Directions for this task →
What is needed is a word-for-word copy of the listing below, without pictures.

Raw data →
Content starts

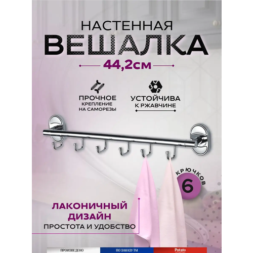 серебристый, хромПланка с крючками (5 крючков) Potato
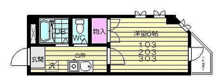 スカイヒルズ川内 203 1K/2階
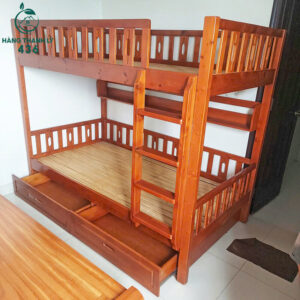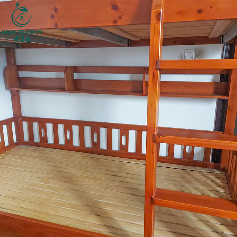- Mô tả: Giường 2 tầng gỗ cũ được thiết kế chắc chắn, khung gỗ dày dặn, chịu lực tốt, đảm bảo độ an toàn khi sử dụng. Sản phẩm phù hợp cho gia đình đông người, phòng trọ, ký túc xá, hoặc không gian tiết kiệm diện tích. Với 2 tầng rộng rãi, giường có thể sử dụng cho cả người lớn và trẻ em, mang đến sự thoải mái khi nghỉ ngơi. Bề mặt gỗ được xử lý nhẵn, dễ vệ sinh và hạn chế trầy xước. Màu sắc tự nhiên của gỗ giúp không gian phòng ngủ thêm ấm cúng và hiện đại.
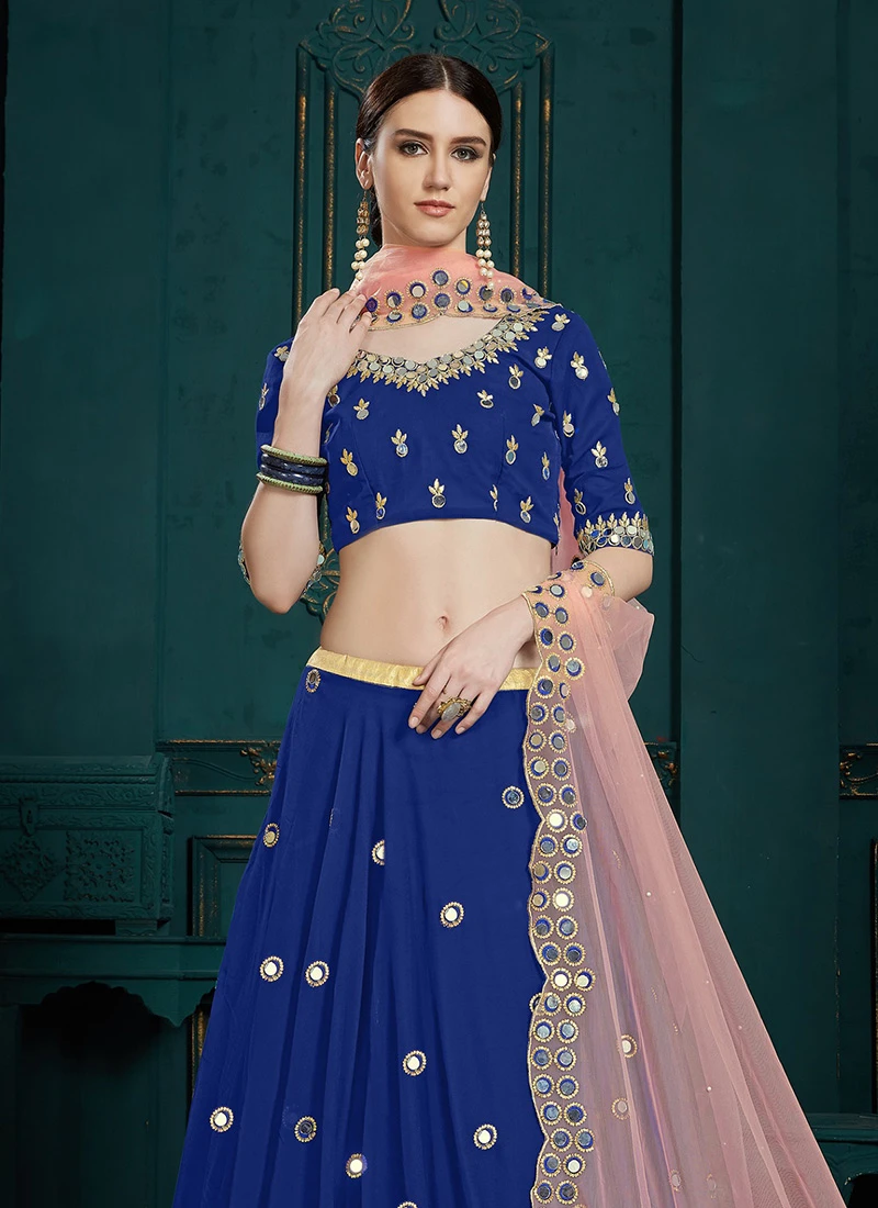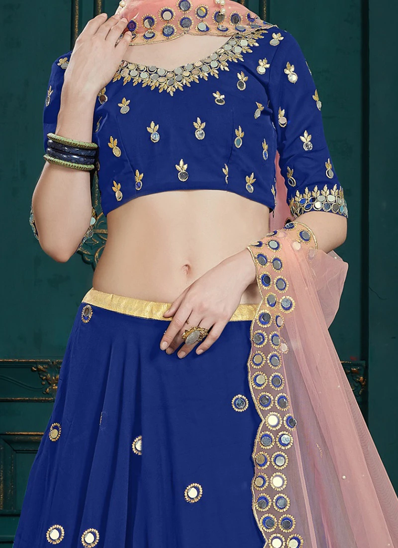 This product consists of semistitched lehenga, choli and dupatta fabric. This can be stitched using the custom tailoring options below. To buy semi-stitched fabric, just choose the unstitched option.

Content ends

Exercise solution →
 серебристый, хромПланка с крючками (5 крючков) Potato
 スカイヒルズ川内 203 1K/2階
- Mô tả: Giường 2 tầng gỗ cũ được thiết kế chắc chắn, khung gỗ dày dặn, chịu lực tốt, đảm bảo độ an toàn khi sử dụng. Sản phẩm phù hợp cho gia đình đông người, phòng trọ, ký túc xá, hoặc không gian tiết kiệm diện tích. Với 2 tầng rộng rãi, giường có thể sử dụng cho cả người lớn và trẻ em, mang đến sự thoải mái khi nghỉ ngơi. Bề mặt gỗ được xử lý nhẵn, dễ vệ sinh và hạn chế trầy xước. Màu sắc tự nhiên của gỗ giúp không gian phòng ngủ thêm ấm cúng và hiện đại.
 This product consists of semistitched lehenga, choli and dupatta fabric. This can be stitched using the custom tailoring options below. To buy semi-stitched fabric, just choose the unstitched option.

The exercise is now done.